U.S. v. Carr, 95-8009

Decision Date25 March 1996
Docket NumberNo. 95-8009,95-8009
Citation80 F.3d 413
PartiesUNITED STATES of America, Plaintiff-Appellee, v. Wesley Alan CARR, Defendant-Appellant.
CourtU.S. Court of Appeals — Tenth Circuit

Appeal from the United States District Court for the District of Wyoming (D.C. No. 94-CR-46).

Donald L. Fuller, Krampner & Fuller, Casper, Wyoming, for Defendant-Appellant.

Patrick J. Crank, Assistant United States Attorney (David D. Freudenthal, United States Attorney; David A. Kubichek, Assistant United States Attorney, with him on the brief), Casper, Wyoming, for Plaintiff-Appellee.

Before SEYMOUR, Chief Judge, BARRETT, Circuit Judge, and KERN, District Judge. *

KERN, District Judge.

Appellant Wesley Alan Carr appeals the District Court's denial of his motion to withdraw his plea of guilty. Appellant contends that his plea was not voluntary, that he did not receive effective assistance of counsel, and that the District Court's denial of his withdrawal motion was improper.

I. FACTS

On March 24, 1994, a grand jury returned an indictment against Appellant Wesley Alan Carr and four codefendants 1 for their alleged participation in a conspiracy to distribute marijuana, methamphetamine, and cocaine in Colorado and Wyoming. Appellant was charged in five counts for his alleged role in heading the criminal organization that distributed the drugs. Two of the codefendants, Sivertson and Iverson, pleaded guilty and were sentenced in August 1994. To the three remaining defendants, including Appellant, the government proposed a "package deal" plea bargain: in exchange for all three defendants pleading guilty to the conspiracy charged in Count One of the indictment, 2 Contreras would receive a ten-year sentence, Cunningham would receive a five-year sentence, and Appellant would receive a twenty-year sentence. Both Contreras and Cunningham immediately pleaded guilty.

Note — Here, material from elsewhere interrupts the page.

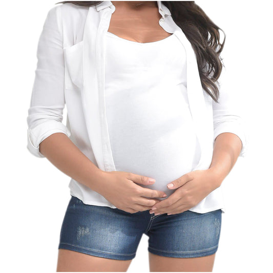 Maternity Denim Shorts – Baby Bump Support & Stretch Waistband
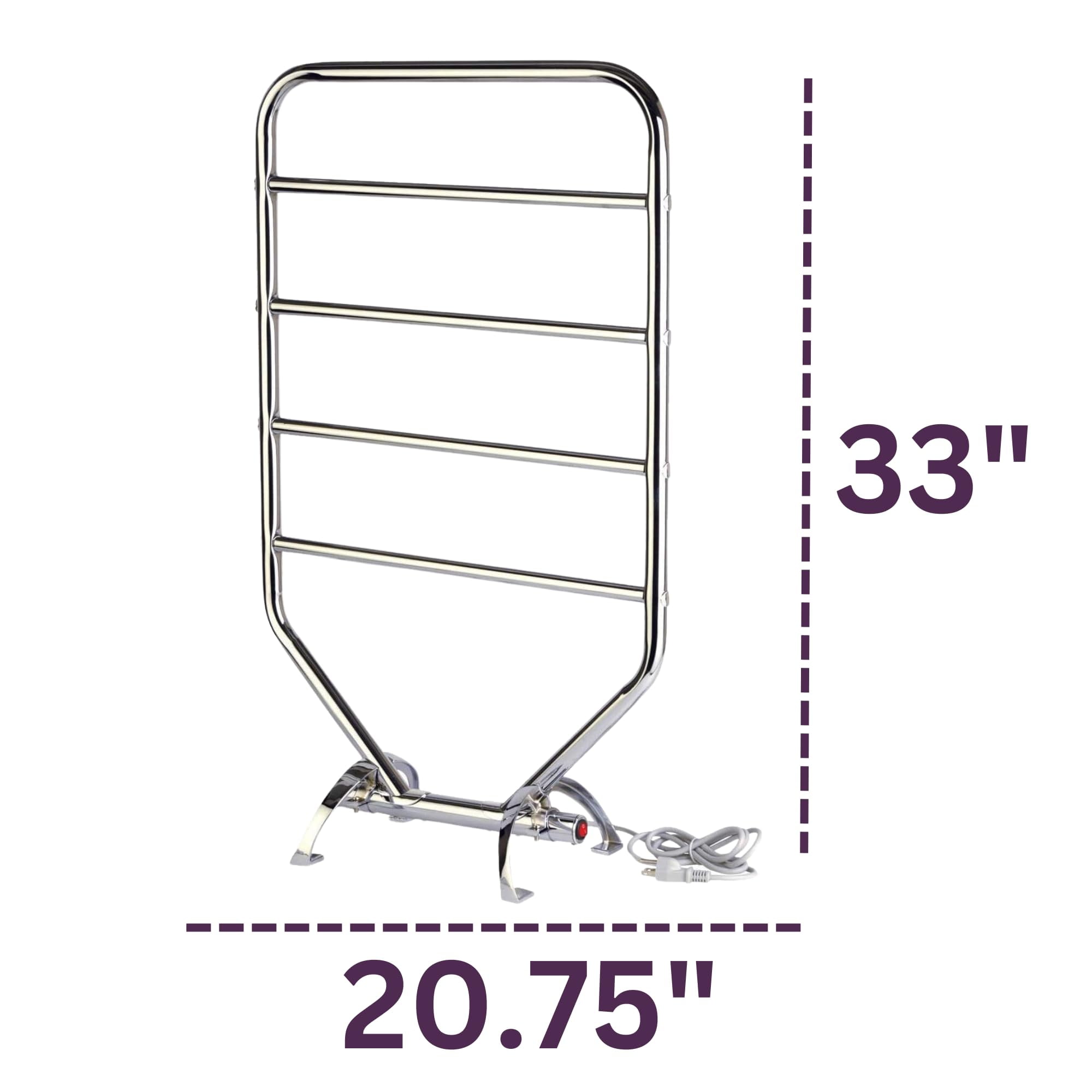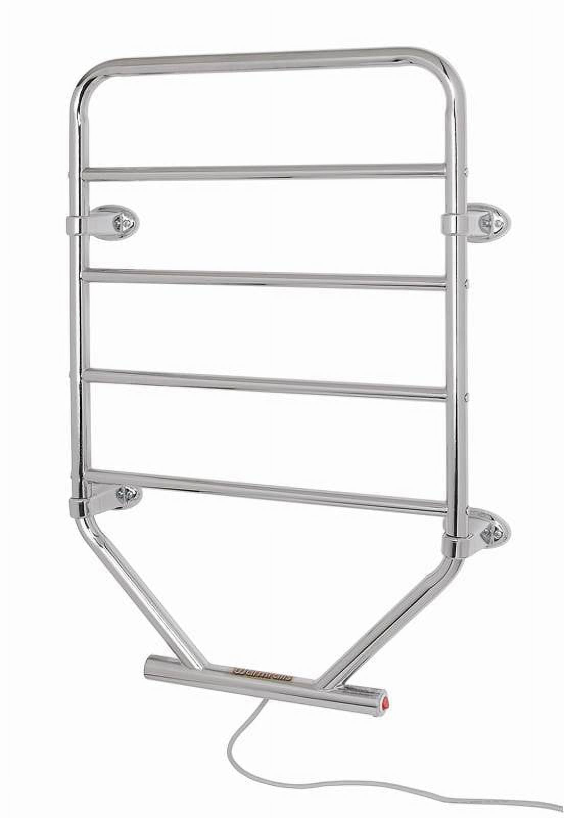 VERSATILE AND MULTIPURPOSE – This heated towel rack can be used to dry and gently warm towels, clothing, swimsuits, and more. Avoid cleaning up a soaking wet mess by quickly drying swimsuits and clothing garments using the Warmrails Traditional Towel Warmer. Or enjoy the luxurious feeling of stepping out of the shower and wrapping up in a warm, dry towel. Whether it’s used in a spa or a personal bathroom, this high-quality towel warmer is great for everyday use and will be enjoyed for years WALL-MOUNT OR FREE-STANDING – Looking to save space in your bathroom? This traditional towel warming rack can be mounted to the wall or remain free-standing! This sleek, chrome finish towel warmer looks modern and luxurious while still remaining practical and versatile. FAST HEATING AND DRYING – Warmrails Towel Warmers are designed to heat up in 15 – 20 minutes. This ensures that your towels and garments will dry much quicker than if they were placed on a regular rack or hook. The towel warming rack is used to dry towels and slightly warm them. Designed with safety in mind, the towel rack heats up enough to dry the towels quickly without getting hot enough to cause burns or safety risks. CONVENIENT AND ENERGY-SAVING – The slim frame saves space and allows it to be portable or wall mounted. The Filatherm dry element has an 80-Watt rating and uses less energy than the average light bulb. This towel warmer also saves water and energy by reducing the frequency of washings needed to keep towels clean and smelling nice. The towel warmer also has an illuminated on/off switch and a 7-foot power cord. The convenient towel warming rack requires minimal assembly and maintenance INSTALLATION AND USAGE – The WarmrailsTraditional towel warmer requires minimal assembly and includes installation instructions. The Towel Rack is designed to warm up to a safe temperature in order to quickly dry towels and clothing without giving off too much heat. It is not designed to heat the towels although they may warm up slightly during the drying process. The towels dry the quickest when they are not overlapping or stacked on top of each other.

Appellant filed a signed plea agreement with the court in which he agreed to plead guilty to Count I of the indictment. At Appellant's change of plea hearing on June 13, 1994, District Judge Brimmer scrupulously administered a Rule 11 protocol, Fed.R.Crim.P., which included the following exchanges:

THE COURT: Have you had a full and ample opportunity to discuss these matters with Mr. O'Donnell as your court-appointed defense counsel?

THE DEFENDANT [Appellant]: Yes, I have.

THE COURT: Are you fully satisfied with the services of Mr. O'Donnell?

THE DEFENDANT: Yes.

Appellant App. Vol. I. at 159-60.

THE COURT: All right. Now, tell me this: Is this plea of guilty a voluntary plea?

THE DEFENDANT: Yes, it is.

THE COURT: Is anybody forcing you to plead guilty?

THE DEFENDANT: No.

THE COURT: Is Mr. O'Donnell forcing you to plead guilty?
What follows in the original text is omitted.